Monday, January 18, 2010

Common Table Expressions – Dispensing with the Sub-Query

The Common Table Expression (CTE) is a construct that was introduced in SQL Server 2005. It allows you to define a SELECT statement outside of your main query and then reference it within the query. It’s a great replacement for sub-queries, which can be difficult to debug and maintain, especially once their nested. You can think of CTEs as SQL views that exist only within the scope of a particular SQL statement.

Let’s start with an query example similar to one we were asked to do recently. Let’s imagine you’re asked to write an inventory analysis report that requires the following columns:

  • Item ID
  • Item Description
  • Item Class
  • Standard Cost
  • Quantity On Hand
  • Count Sold – The total number of items sold.
  • Average Unit Price – The average unit price that the
  • Unique Customers Count – The count if individual customers who have purchased the item
  • Percentage of Customers – The percentage of all customers who have purchased the item

The report will have start and end date range parameters (Quantity On Hand will be the current regardless of the date range.

Item ID, Item Description, Item Class and Standard Cost come from the item master table. Quantity On Hand comes from the item quantity master table. Count Sold, Average Unit Price, Count of Unique Customers and Percentage of Customers come from a combination of the Sales Order and Customer Master tables.

Now I suspect there may be a way to do this without sub-queries using aggregates and CASE statements but that’s a challenge for another day. When solving a problem I like to break it into manageable chunks. In this case I’d looking at breaking this into two pieces:

  • Returning the core item information, Item ID, Item Description, Standard Cost and Quantity On Hand.
  • Returning the sales information, Count Sold and Average Unit Price, Unique Customer Count and Percentage of Customers.

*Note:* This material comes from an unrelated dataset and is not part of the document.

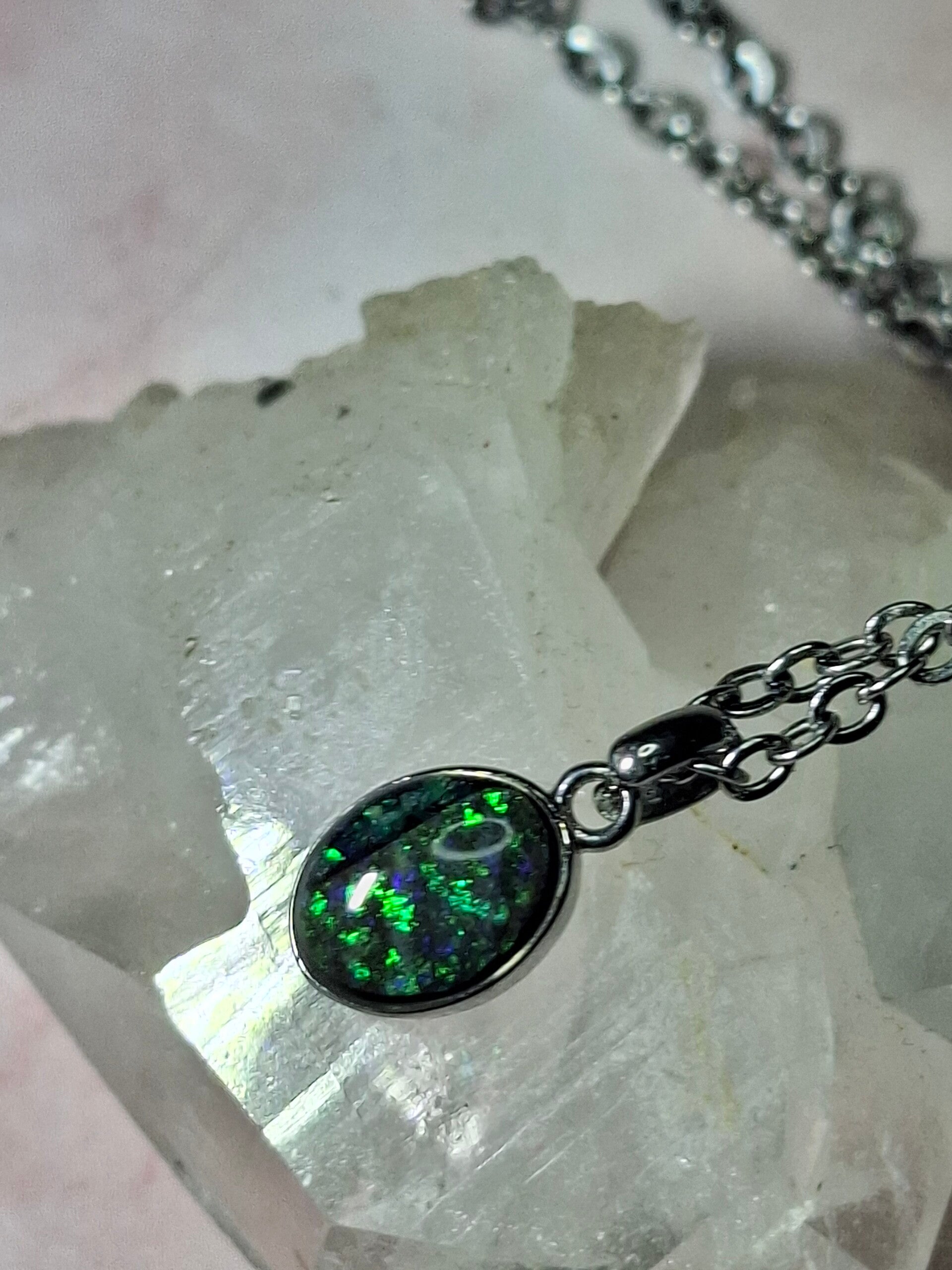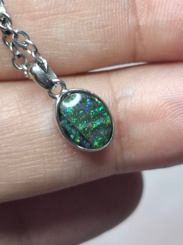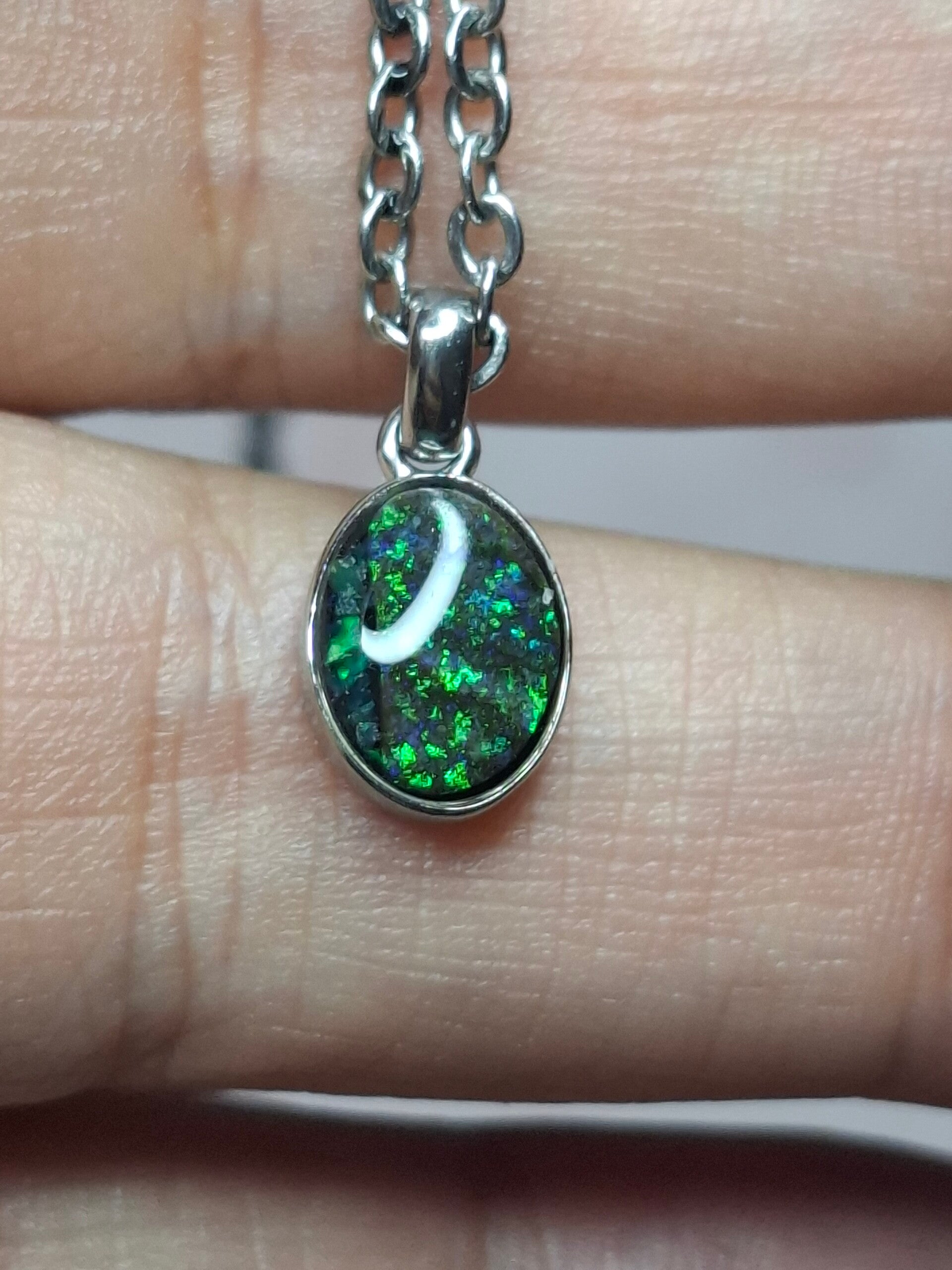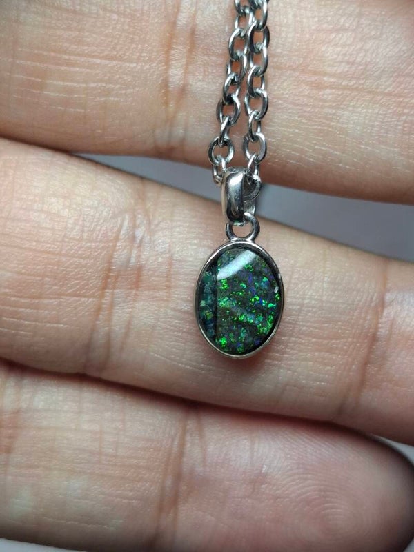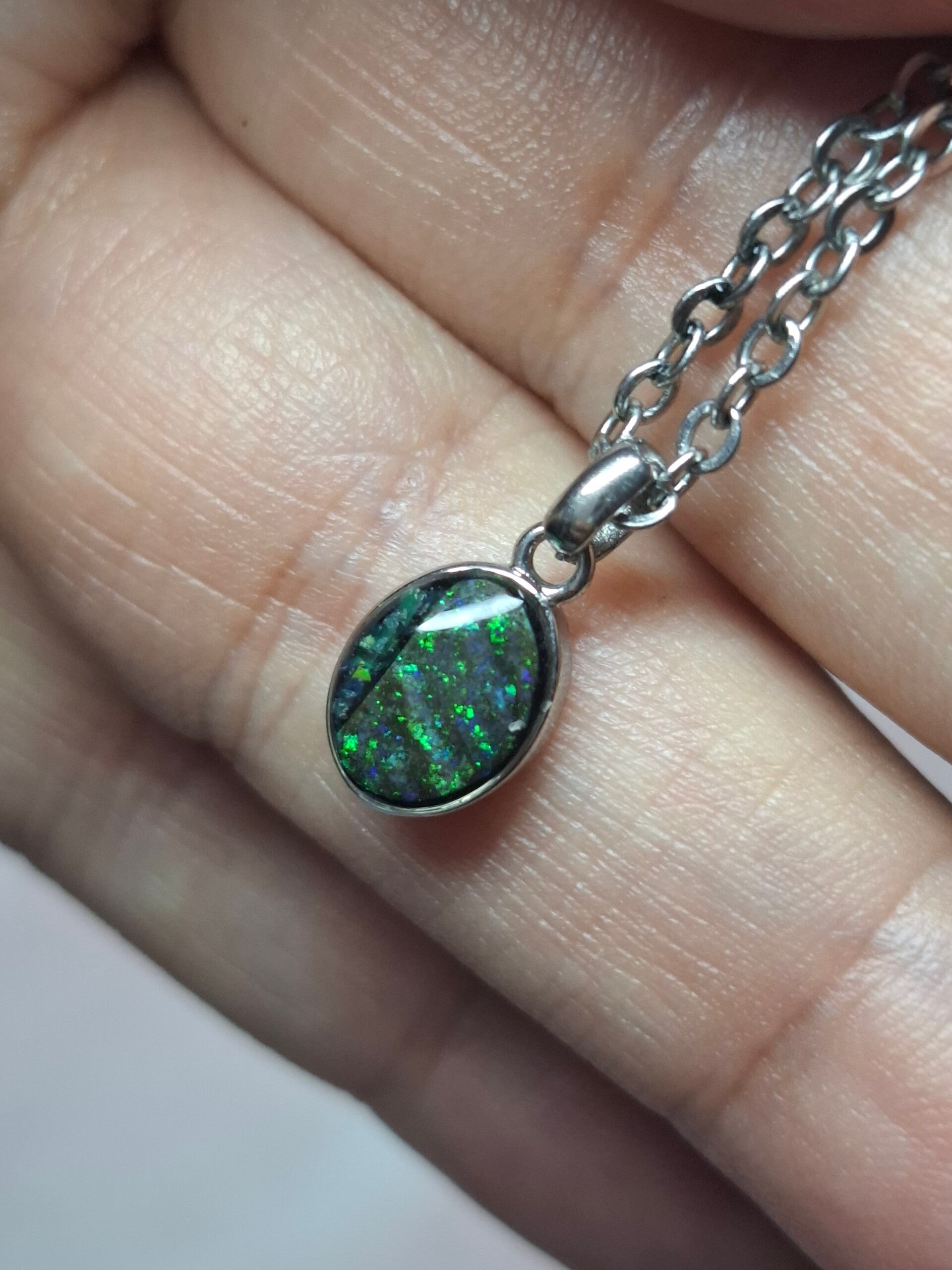 Pendentif opale noire boulder verte australienne, véritables non hydrophane 🤩 pailleté vert intense

Let’s start with the core item info. That query would look as follows:

SELECT
        ItemNumber = ISNULL(ItemMaster.ITEMNMBR, QuantityMaster.ITEMNMBR)
        ,ItemDescription = ItemMaster.ITEMDESC
        ,ItemClass = ItemMaster.ITMCLSCD
        ,StandardCost = ItemMaster.STNDCOST
        ,QuantityOnHand = ISNULL(QuantityMaster.QTYONHND, 0)
    FROM IV00101 AS ItemMaster
        FULL JOIN IV00102 AS QuantityMaster
            ON ItemMaster.ITEMNMBR = QuantityMaster.ITEMNMBR
    WHERE ISNULL(QuantityMaster.RCRDTYPE, 1) = 1

Here we’re joining the item master (IV00101) with the item quantity master (IV00102). A couple of notes:

  • We’re using a FULL JOIN to ensure we pick up all items. I have found examples where there are records in the item master or quantity master but not a corresponding record in the other.
  • We’re restricting the quantity master records to a record type (RCRDTYPE) of 1, which only returns quantities that apply to all sites.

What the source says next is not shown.